Ironically, today I have a part-time consulting gig at a company designing network switches, and I see them wrestling with the exact same problems we were tackling 30 years ago. So FlowNet would be a very close second.

2 comments

I personally know of one ongoing effort whose founders think it's very much still viable. Well done uncovering and acting on it back in the day, Ron. Too bad about the outcome. I'm grateful you spent the time to write these stories. Thank you as well for being a public champion of lisp, for which I owe a great deal of my own undeserved success.
> I personally know of one ongoing effort whose founders think it's very much still viable.

Link?

>> Smart Charter. I think that might still be a viable business even today,

I'm less convinced. Although to be fair, I'm really not the target market.

I think the root fail of this kind of business is that it's a Venn diagram of two circles, with very tiny overlap.

Firstly, flying commercial is "simple". You want to go from A to B at some point in the future.

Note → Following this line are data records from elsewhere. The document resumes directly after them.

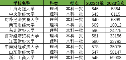 2023年排名前十的财经大学在四川理科也都是在本科一批录取,录取分数区间在545分-646分。录取分数超过600分的财经大学要多余文科,如上海财经大学(646分)、中央财经大学(643分)、对外经济贸易大学(640分)、西南财经大学(609分);理科录取分数最低的是浙江工商大学545分。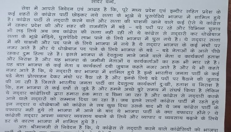 तो साथ ही आयातित दुम हिलाने वाले पूर्व कांग्रेसियों पर भी निशाना,भूखे भेड़ियों को मत दो भाजपा में स्थान।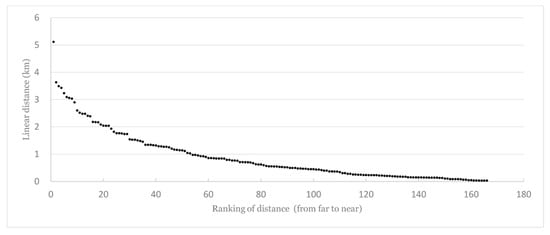 Figure 3 shows the calculation process of delineating the areal boundary of defensive regions based on spatial analysis toolkits on the software of ArcGIS 10.4. The first step is to draw the Thiessen polygons of each Genglou in Kaiping to allocate the village space to the nearest Genglou. However, not all the places within a Thiessen polygon can be supervised by the Genglou, because the defensive scope of the Genglou is limited. Thus, in the second step, we need to figure out the largest defensive distance from a Genglou and provide the buffer areas based on the distance. According to the building history of Genglous, a newly-added Genglou often selected a site an “appropriate distance” away from nearby existing Genglous. The “appropriate distance” is identified mainly based on two principles. First, the new Genglou aims to extend the entire defensive scope to the largest extent. Second, there should be an overlap between the defensive scope of the new Genglou and those of other existing Genglous in order to keep all surrounding areas under supervision. Based on these principles, we calculate the linear distance of each Genglou to their nearest neighborhood Genglous in the ArcGIS and visualize them in descending order in Figure 4. After removing the outliers, the maximum nearest neighbor distance is about 3.6 km, so the largest defensive radius of Genglous is set at 1.8 km.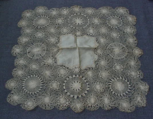Comments: A Teneriffe-type handkerchief. Given the origin of the seller, it could be Ñanduti although it doesn’t have the typical palm leaf motifs or lattice fillings. Good design in the roundels, and execution is done with a reasonably fine thread. Overall good condition, seller cites some yellow stains, but the lace seems intact.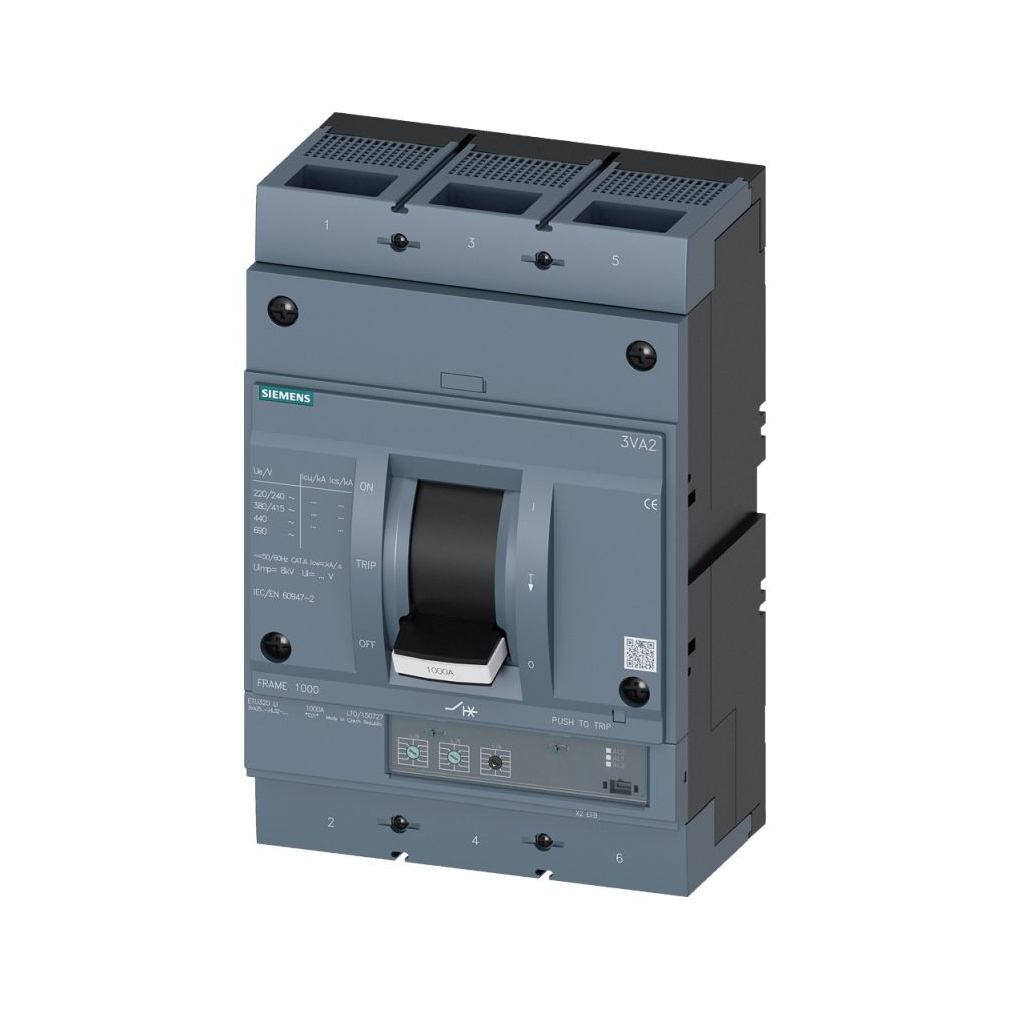 Megszakító 3VA2\nA SENTRON 3VA2 öntött házas megszakítók hatékony védelmet nyújtanak túlterhelés és rövidzárlat esetén, moduláris kialakításukkal és széleskörű funkcióikkal.
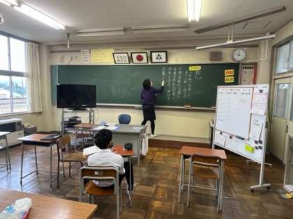 4限の授業です。国語の漢字の復習をしています。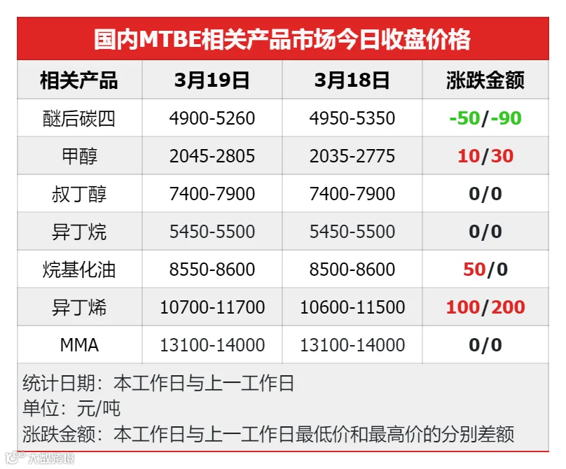 其他产品:叔丁醇、异丁烷、MMA行情维稳,异丁烯行情续涨。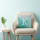 Turquoise coussin turquoise à lancer aqua avec arrière - plan métallique brossé et bordure en parties scintillant argentée personnalisée avec un monogramme blanc nom initial et écriture manuscrite en turquoise. Un cadeau idéal pour celui qui aime un peu scintiller ou décorer une chambre dans un style cool tendance. Contactez le concepteur via Zazzle Conversation ou makeitaboutyoustore@gmail.com si vous souhaitez modifier ce design sur un autre produit ou si vous souhaitez coordonner des éléments.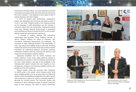 Applicants benefitted from the CAO’s Facebook and Twitter presence. These social media platforms allowed a bi-directional conversation in real time between applicants and the CAO. Close attention was paid to the operability of the interdependent system modules that work together to form the applicant, institution and information platform,which is the backbone of the CAO operation.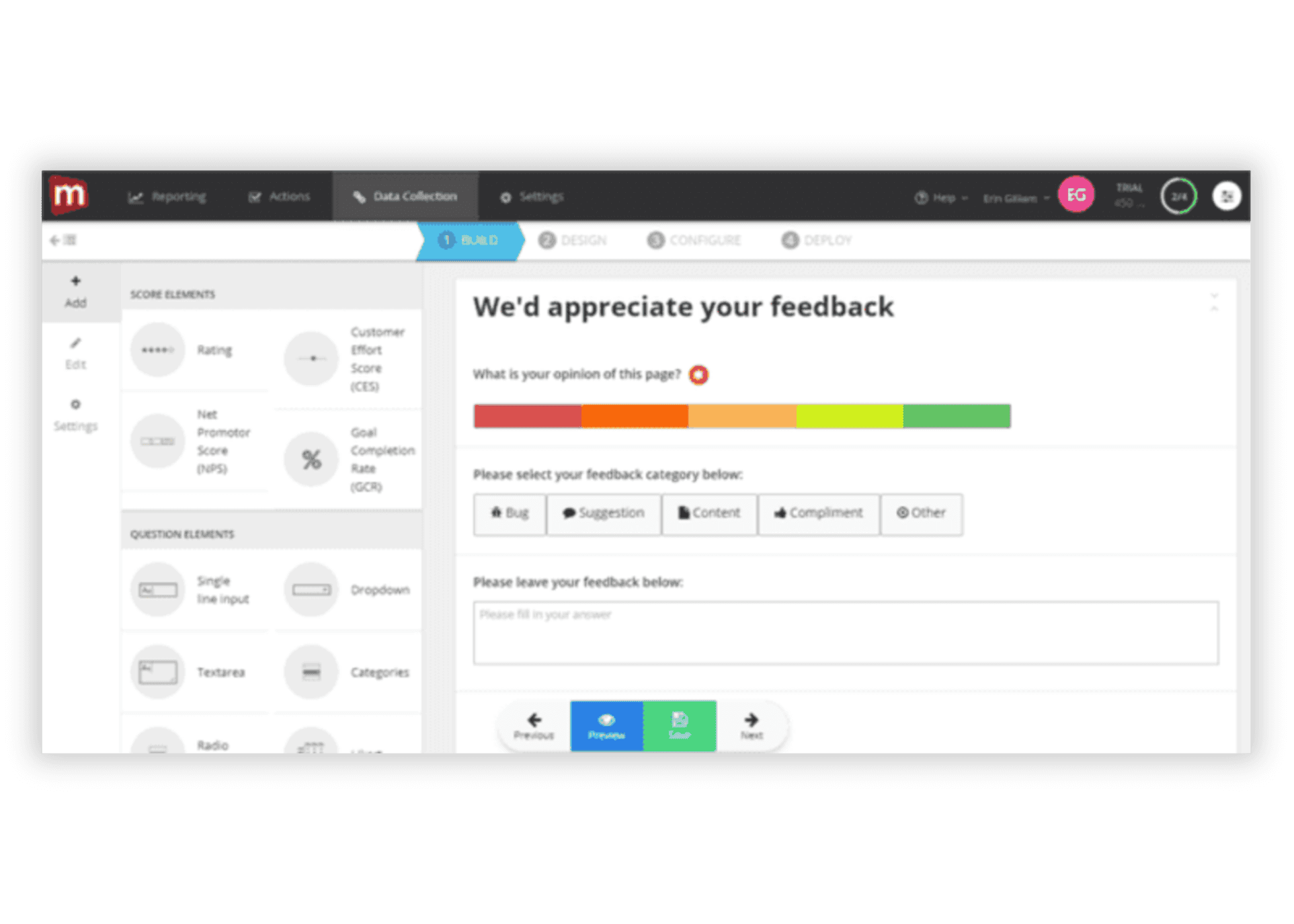 Easy-to-use survey builder with a large template library

You want to buy a ticket, show up, and fly.

Sure, I get the TSA crap and so on, but it's fundamentally reliable. Not to mention cheap.

Private travel bypasses TSA, and sure there's glamor, and a bigger seat. But unreliable is built in also.

Or put another way, the jet owner goes wherever and whenever they like. The pay a lot for perfect convenience. But it makes that "empty return leg" unreliable. And of course, the further ahead you plan, the less reliable it is.

So there's one circle of people who can afford their own (whole or partial) jet. There's one circle who just want reliable A to B.

What you're left with is people who have enough to make it a business, but not enough to charter a plane themselves.

So your market are price insensitive enough to be preparedto pay more, but also don't really plan their travel, or don't need to travel reliably. Which just seems like a vanishingly small group.

In other words, what you are selling is worse than commercial (planing and reliability) coupled with worse than private (no control over where or when).

Which leaves such a tiny sliver of a market, where brokers practically outnumber customers.

> the jet owner goes wherever and whenever they like

You'd think that, but it turns out not to be true. There are a lot of constraints even on the owner: weather, mechanical failure, crew members getting sick. And it's even worse for them because when something goes wrong it can be a lot harder to recover. When you're flying commercial, or even chartering, the worst-case scenario is a delay.

The only real benefit to owning a plane is that you can keep some of your stuff on board.

> a tiny sliver of a market, where brokers practically outnumber customers.

It depends. If you measure the market size in terms of customers that's probably true. If you measure it in terms of dollars, it's not. It's a question of: all else being equal, would you rather pay less than more? Most people say yes no matter how fundamentally price-insensitive they are.